Subarray with largest sum - Java
Came across an interesting puzzle and realized that the mind is getting too used to not thinking..need to exercise the brain more often. Anyways, the puzzle is
Given an array containing both positive and negative integers, find the subarray with the largest sum.
BTW, any guesses for the maximum number of subarrays possible for an array of length n? For some reason, took me a long time to figure this out, write to me if you also go through the same, but better still, try to solve it yourself to clear the dust off the mind cells, I am not sure how much I have been able to shake off, but it is worth a try)
Given an array containing both positive and negative integers, find the subarray with the largest sum.
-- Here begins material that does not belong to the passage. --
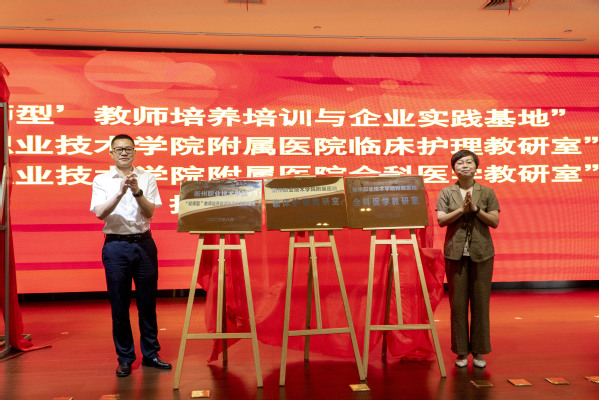 姚水洪与蓝建芳共同为“双师型教师培养培训与企业实践基地”、“江南网页版附属医院全科医学教研室”、“江南网页版附属医院临床护理教研室”揭牌。

BTW, any guesses for the maximum number of subarrays possible for an array of length n? For some reason, took me a long time to figure this out, write to me if you also go through the same, but better still, try to solve it yourself to clear the dust off the mind cells, I am not sure how much I have been able to shake off, but it is worth a try)
7 Comments:
By "subarray" I take it you mean a contiguous sequence of elements of the array with length between 0 and the length of the array. Something like
subarray = {array[i],... , array[f-1]},
where
0 <= i <= f <= a.length.
Yes, precisely.
Sounds like an interview question, so here's a bit of a starter. Always go with the brute force solution first, because it's easier to change it into a more clever solution later. I'll use pseudo-python for brevity; transforming this into Java is mostly a mechanical exercise.
(1) do it the brute force O(n^3) way:
for i in range(0, len(array)):
__for j in range(i+1, len(array)):
____if sum(array[i..j] > max):
______max = sum(array[i..j])
______idx = (i,j)
(2) compute S[i] = sum(array[0..i]) in linear time (can be done recursively, or iteratively)
for i in range(0, len(array)):
__for j in range(i+1, len(array)):
____if S[j] - S[i] > max:
______...
That's O(n^2).
(3) For the O(n) solution, that's a bit harder, but consider finding
s = min(S)
t = max(S[i:])
If you can prove that t - s is the sum of the maximum-sum interval, then this problem is solved as efficiently as it can be.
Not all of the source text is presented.